After multiple-equation (ME) estimators

_predict [type] newvar [if] [in] [, xb stdp stddp nooffset nolabel equation(eqno[, eqno])]


_predict is for use by programmers as a subroutine for implementing the predict command for use after estimation; see [R] predict.


xb calculates the linear prediction from the fitted model. That is, all models can be thought of as estimating a set of parameters b1, b2, ..., bk, and the linear prediction is y = xb. For linear regression, the values y are called the predicted values or, for out-of-sample predictions, the forecast. For logit and probit, for example, y is called the logit or probit index.

It is important to understand that the x1, x2, ..., xk used in the calculation are obtained from the data currently in memory and do not have to correspond to the data on the independent variables used in fitting the model (obtaining the b1, b2, ..., bk).

stdp calculates the standard error of the prediction after any estimation command. Here the prediction is understood to mean the same thing as the "index", namely, xb. The statistic produced by stdp can be thought of as the standard error of the predicted expected value, or mean index, for the observation's covariate pattern. This is commonly referred to as the standard error of the fitted value.
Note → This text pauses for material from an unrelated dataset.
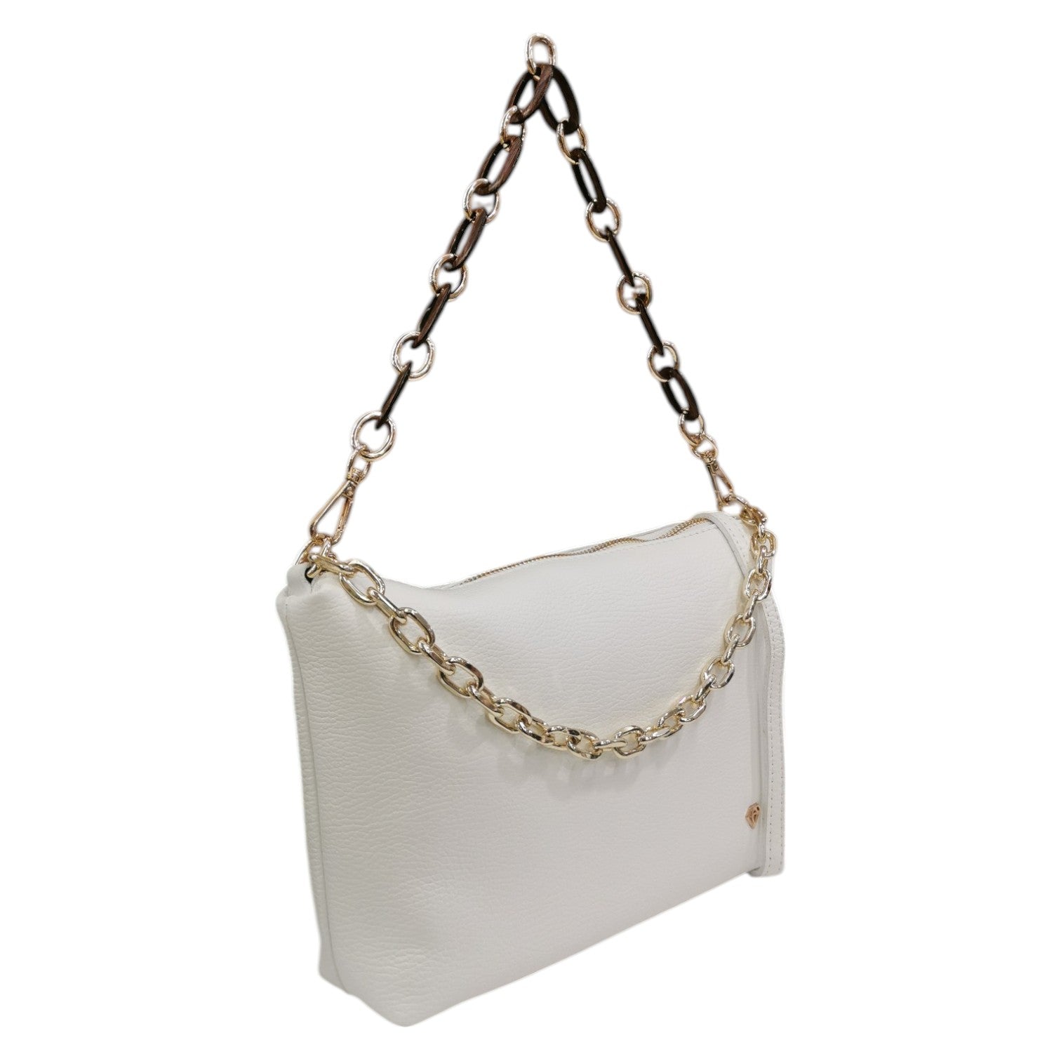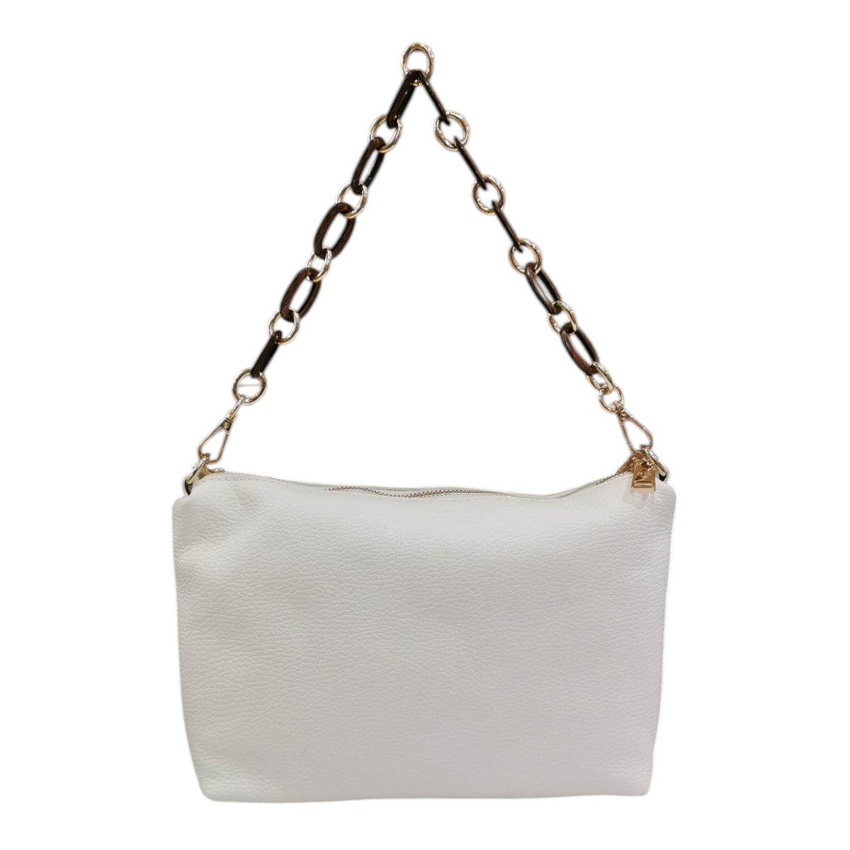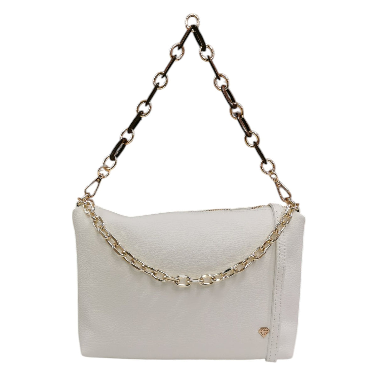 Caleidos Pochette Donna in Pelle Bianca con Tracolla e Catena Dorata

stdf calculates the standard error of the forecast, which is the standard error of the point prediction for 1 observation. It is commonly referred to as the standard error of the future or forecast value. By construction, the standard errors produced by stdf are always larger than those produced by stdp; see Methods and formulas in [R] predict.
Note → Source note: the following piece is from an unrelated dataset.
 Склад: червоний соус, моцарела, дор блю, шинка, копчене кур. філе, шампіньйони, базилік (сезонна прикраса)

stdr calculates the standard error of the residuals.

hat (or leverage) calculates the diagonal elements of the projection hat matrix.

cooksd calculates the Cook's D influence statistic.

residuals calculates the residuals.

rstandard calculates the standardized residuals.

rstudent calculates the Studentized (jackknifed) residuals.

nooffset may be combined with most statistics and specifies that the calculation be made, ignoring any offset or exposure variable specified when the model was fit.

This option is available, even if not documented, for predict after a specific command. If neither the offset(varname) option nor the exposure(varname) option was specified when the model was fit, specifying nooffset does nothing.

nolabel prevents _predict from labeling the newly created variable.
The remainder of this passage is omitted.